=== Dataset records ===
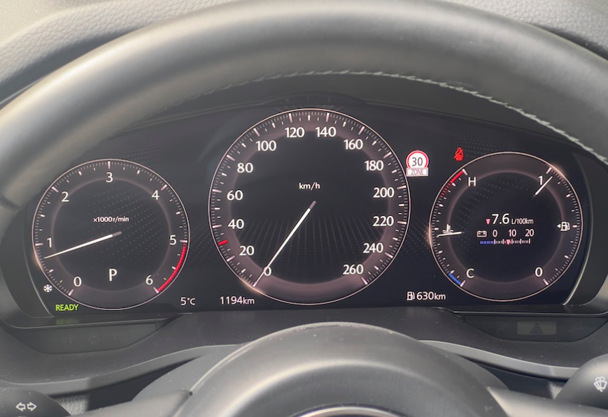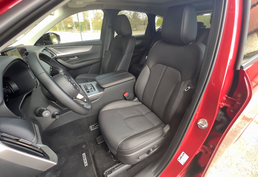 Bemerkenswert auch: vor allem die unsaubere Fahrwerksabstimmung, die uns beim Plug-in-Hybrid in der Ausgabe 12-01/23 gestört hat, gehört wohl auch der Vergangenheit an. Nicht dass der CX-60 jetzt weichgewaschen ist. Seine Federung arbeitet nun aber nicht mehr stoßig-hart, zeigt bei Unebenheiten ein Herz und dämpft nobel und vornehm. Dazu kommt die Tatsache, dass sich der Wagen dank fehlenden Allradantriebs auch agiler anfühlt. 165 Kilo weniger Gewicht und eine gefühlsechtere Lenkung lassen deutlich mehr Fahrfreude aufkommen, womit wir beim dritten Kapitel wären – den Kosten.
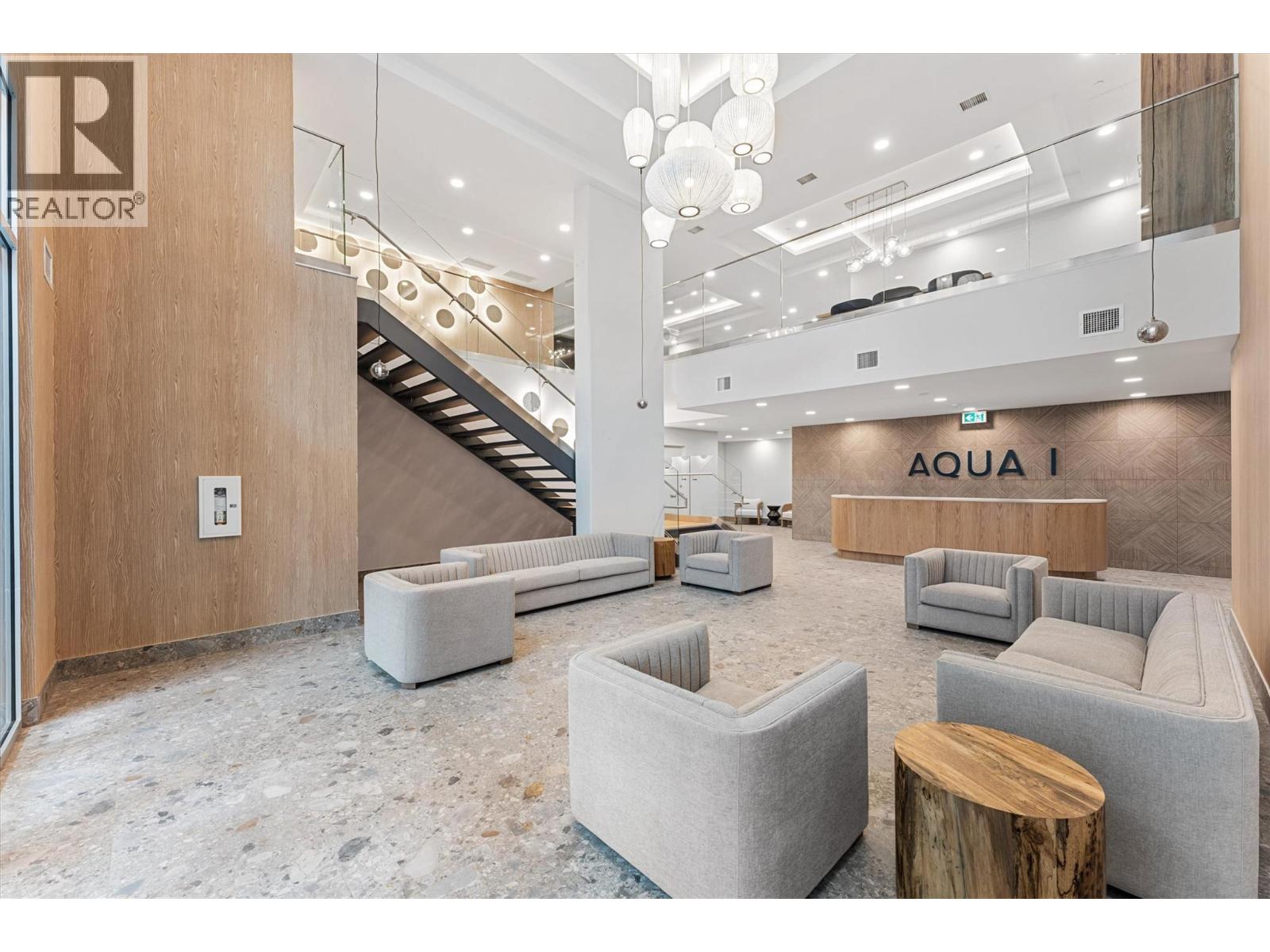 Experience unparalleled lakeside living at Aqua Waterfront Village, a premier development by the award-winning Mission Group. This brand-new, SW-facing 2-bed + den, 2-bath residence offers 1,149 sq. ft. of elegant interior living complemented by an expansive 1,000+ sq. ft. patio perfect for entertaining while soaking in Okanagan Lake views. Designed with sophistication and simplicity, this residence features a bright, open floor plan with calming neutral tones. The chef-inspired kitchen showcases modern flat panel cabinetry, polished quartz countertops, a stunning waterfall island, & stainless-steel appliances. The primary suite is a serene retreat, boasting lake views, a custom walk-through closet, & a spa-like 4-piece bath with a glass-enclosed shower. Thoughtfully positioned bedrooms on opposite sides of the home enhance privacy, while premium upgrades throughout elevate the luxury feel. Residents enjoy resort-style amenities, including a fifth-floor podium with a pool, hot tub, firepit enclaves, BBQ area, & a two-story fitness centre. Additional conveniences include a fireside lounge, bike storage & wash station, dog wash, & exclusive access to the Aqua Boat Club. Nestled in the heart of Lower Mission, Aqua Waterfront Village is just steps from coffee shops, restaurants, breweries, boutique shopping, & Kelowna’s best beaches. Two side-by-side parking stalls located closest to the elevator (1 stall features an EV charger) and one storage locker included. NO GST. (id:58842)
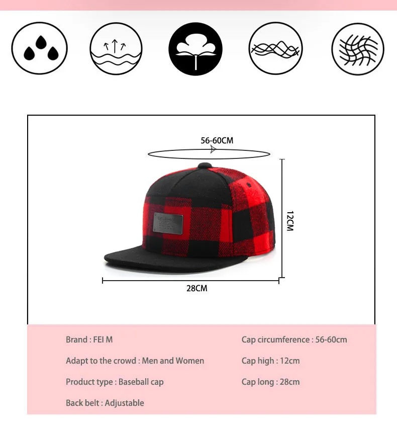FEI M Fashion PLATED CAP Plaid Adjustable Snapback Cap Outdoor Adult Casual Sports Trucker Hat
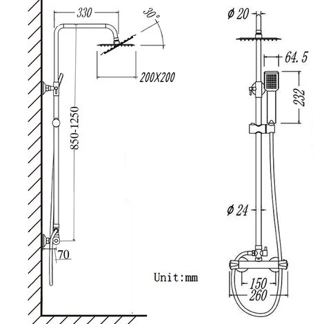 - Shower Top to Bottom Adjustability: 850mm ¨C 1250mm
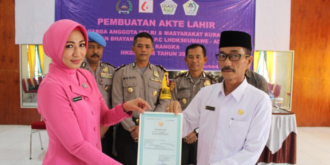 Tribrata News, Lhokseumawe- Kadis Dukcapil Lhokseumawe, Taufik, S. Sos, MSP mengapresiasi Bhayangkari Lhokseumawe yang mendorong kesadaran hak sipil anak dengan memfasilitasi pembuatan serta akan membagikan 50 akta kelahiran anak warga kurang mampu dan keluarga anggota Polri di Lhoseumawe. Karena dalam hal ini hak sipil untuk anak-anak agar segera terpenuhi.
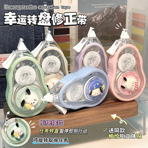 幸运转盘修正带莫兰迪色系翻盖改正带顺滑大容量可爱帕恰狗涂改带
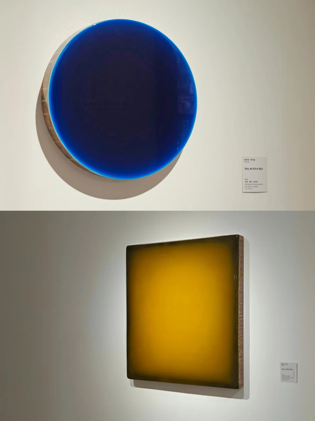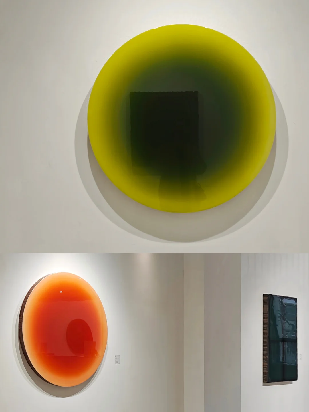 🎨以环氧树脂与颜料为核心媒材,通过多层叠加构筑深邃抽象色块,呈现光学幻觉效果。利用材料透明性与反射性,融入观者倒影及环境漫反射,形成动态互动,模糊现实与虚幻边界。
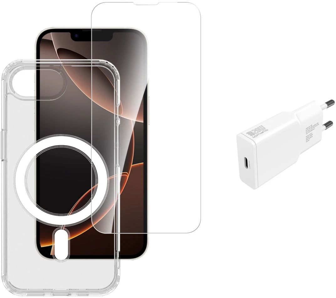 Mach den Start mit deinem neuen iPhone 16e zum Kinderspiel mit unserem 3in1 Starter-Set. Ein leistungsstarkes 20-Watt-Netzteil für schnelles Aufladen, ein 9H-Schutzglas zur Bewahrung deines Bildschirms und eine stylische MagSafe-kompatible Hülle zum Schutz und zur Präsentation deines Geräts. Ein Must-Have für jeden neuen iPhone-Besitzer, der Wert auf Schutz, Komfort und Style legt.
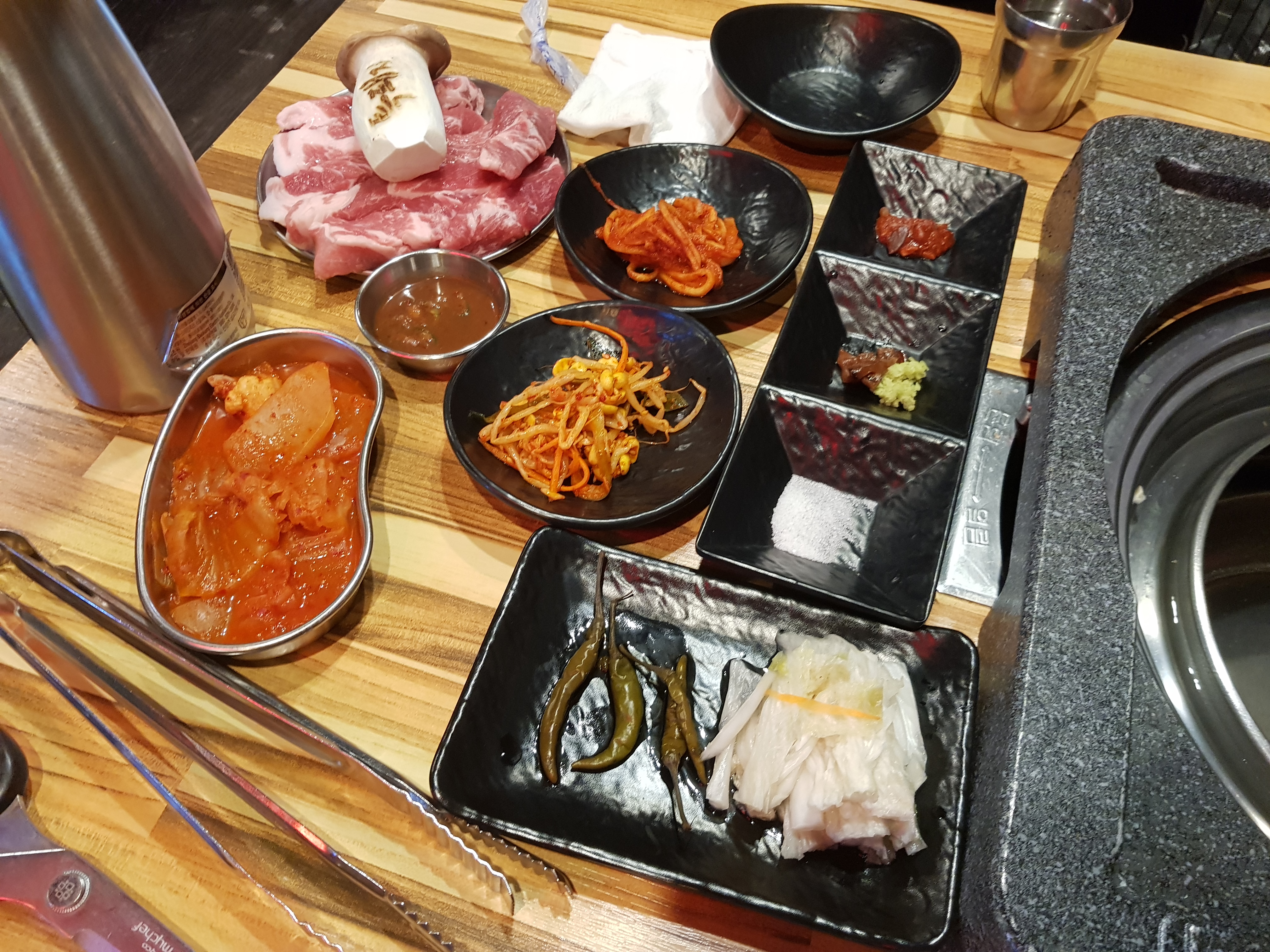 그러면 이제 불판을 올리고 화력이 잠잠해질때까지 기다리는데 이때 김치볶음 접시를 통째로 가장자리에 올려줍니다. 처음 와봤다고 하면 다 알아서 올려주고 추가해주고 하니 불편하지 않습니다.
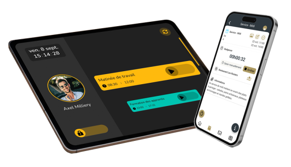 Elle permet aux employés de badger leur entrée et leur sortie avec l'application mobile ou notre appareil physique Sunkhronos Timeclock.
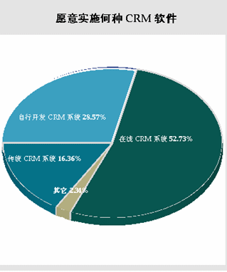 CRM軟件,或在線CRM軟件”;也有28.57%的被調(diào)查者選擇自行開發(fā)CRM軟件;相比于前面兩種類型,被調(diào)查者對(duì)傳統(tǒng)CRM軟件的需求則處于一個(gè)較低的水平,有16.36%的被調(diào)查者仍然選擇有興趣在兩年投資傳統(tǒng)的CRM軟件。雖然ASP的模式在中國(guó)市場(chǎng)上的認(rèn)知度仍然有限,但是市場(chǎng)對(duì)on-demand
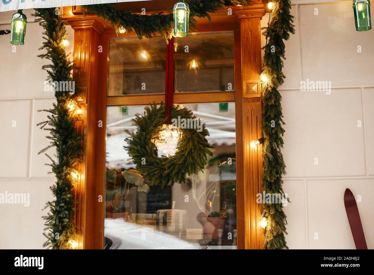 Christmas Garland A Wreath Close Up Around A Window With Shiny
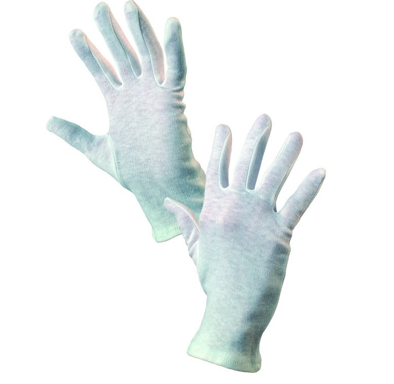 Textilní šitá rukavice z běleného bavlněného úpletu, střih fourchette. Použití: pro práci vyžadující ochranu produktu před znečištěním, manipulace s lehkým a drobným materiálem, jemná montáž
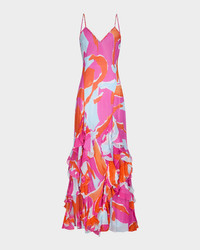 - Diane von Furstenberg "Stella" abstract-print maxi dress with ruffles and braided trim - Approx. 53.5"L from shoulders to hem - V neckline - Sleeveless - Low-cut back - Full length - A-line silhouette - Invisible back zipper - Viscose - Imported

=== Required action ===
Give back the records above exactly, with no pictures.

=== Completed exercise ===
 Bemerkenswert auch: vor allem die unsaubere Fahrwerksabstimmung, die uns beim Plug-in-Hybrid in der Ausgabe 12-01/23 gestört hat, gehört wohl auch der Vergangenheit an. Nicht dass der CX-60 jetzt weichgewaschen ist. Seine Federung arbeitet nun aber nicht mehr stoßig-hart, zeigt bei Unebenheiten ein Herz und dämpft nobel und vornehm. Dazu kommt die Tatsache, dass sich der Wagen dank fehlenden Allradantriebs auch agiler anfühlt. 165 Kilo weniger Gewicht und eine gefühlsechtere Lenkung lassen deutlich mehr Fahrfreude aufkommen, womit wir beim dritten Kapitel wären – den Kosten.
 Experience unparalleled lakeside living at Aqua Waterfront Village, a premier development by the award-winning Mission Group. This brand-new, SW-facing 2-bed + den, 2-bath residence offers 1,149 sq. ft. of elegant interior living complemented by an expansive 1,000+ sq. ft. patio perfect for entertaining while soaking in Okanagan Lake views. Designed with sophistication and simplicity, this residence features a bright, open floor plan with calming neutral tones. The chef-inspired kitchen showcases modern flat panel cabinetry, polished quartz countertops, a stunning waterfall island, & stainless-steel appliances. The primary suite is a serene retreat, boasting lake views, a custom walk-through closet, & a spa-like 4-piece bath with a glass-enclosed shower. Thoughtfully positioned bedrooms on opposite sides of the home enhance privacy, while premium upgrades throughout elevate the luxury feel. Residents enjoy resort-style amenities, including a fifth-floor podium with a pool, hot tub, firepit enclaves, BBQ area, & a two-story fitness centre. Additional conveniences include a fireside lounge, bike storage & wash station, dog wash, & exclusive access to the Aqua Boat Club. Nestled in the heart of Lower Mission, Aqua Waterfront Village is just steps from coffee shops, restaurants, breweries, boutique shopping, & Kelowna’s best beaches. Two side-by-side parking stalls located closest to the elevator (1 stall features an EV charger) and one storage locker included. NO GST. (id:58842)
FEI M Fashion PLATED CAP Plaid Adjustable Snapback Cap Outdoor Adult Casual Sports Trucker Hat
 - Shower Top to Bottom Adjustability: 850mm ¨C 1250mm
 Tribrata News, Lhokseumawe- Kadis Dukcapil Lhokseumawe, Taufik, S. Sos, MSP mengapresiasi Bhayangkari Lhokseumawe yang mendorong kesadaran hak sipil anak dengan memfasilitasi pembuatan serta akan membagikan 50 akta kelahiran anak warga kurang mampu dan keluarga anggota Polri di Lhoseumawe. Karena dalam hal ini hak sipil untuk anak-anak agar segera terpenuhi.
 幸运转盘修正带莫兰迪色系翻盖改正带顺滑大容量可爱帕恰狗涂改带
 🎨以环氧树脂与颜料为核心媒材,通过多层叠加构筑深邃抽象色块,呈现光学幻觉效果。利用材料透明性与反射性,融入观者倒影及环境漫反射,形成动态互动,模糊现实与虚幻边界。
 Mach den Start mit deinem neuen iPhone 16e zum Kinderspiel mit unserem 3in1 Starter-Set. Ein leistungsstarkes 20-Watt-Netzteil für schnelles Aufladen, ein 9H-Schutzglas zur Bewahrung deines Bildschirms und eine stylische MagSafe-kompatible Hülle zum Schutz und zur Präsentation deines Geräts. Ein Must-Have für jeden neuen iPhone-Besitzer, der Wert auf Schutz, Komfort und Style legt.
 그러면 이제 불판을 올리고 화력이 잠잠해질때까지 기다리는데 이때 김치볶음 접시를 통째로 가장자리에 올려줍니다. 처음 와봤다고 하면 다 알아서 올려주고 추가해주고 하니 불편하지 않습니다.
 Elle permet aux employés de badger leur entrée et leur sortie avec l'application mobile ou notre appareil physique Sunkhronos Timeclock.
 CRM軟件,或在線CRM軟件”;也有28.57%的被調(diào)查者選擇自行開發(fā)CRM軟件;相比于前面兩種類型,被調(diào)查者對(duì)傳統(tǒng)CRM軟件的需求則處于一個(gè)較低的水平,有16.36%的被調(diào)查者仍然選擇有興趣在兩年投資傳統(tǒng)的CRM軟件。雖然ASP的模式在中國(guó)市場(chǎng)上的認(rèn)知度仍然有限,但是市場(chǎng)對(duì)on-demand
 Christmas Garland A Wreath Close Up Around A Window With Shiny
 Textilní šitá rukavice z běleného bavlněného úpletu, střih fourchette. Použití: pro práci vyžadující ochranu produktu před znečištěním, manipulace s lehkým a drobným materiálem, jemná montáž
 - Diane von Furstenberg "Stella" abstract-print maxi dress with ruffles and braided trim - Approx. 53.5"L from shoulders to hem - V neckline - Sleeveless - Low-cut back - Full length - A-line silhouette - Invisible back zipper - Viscose - Imported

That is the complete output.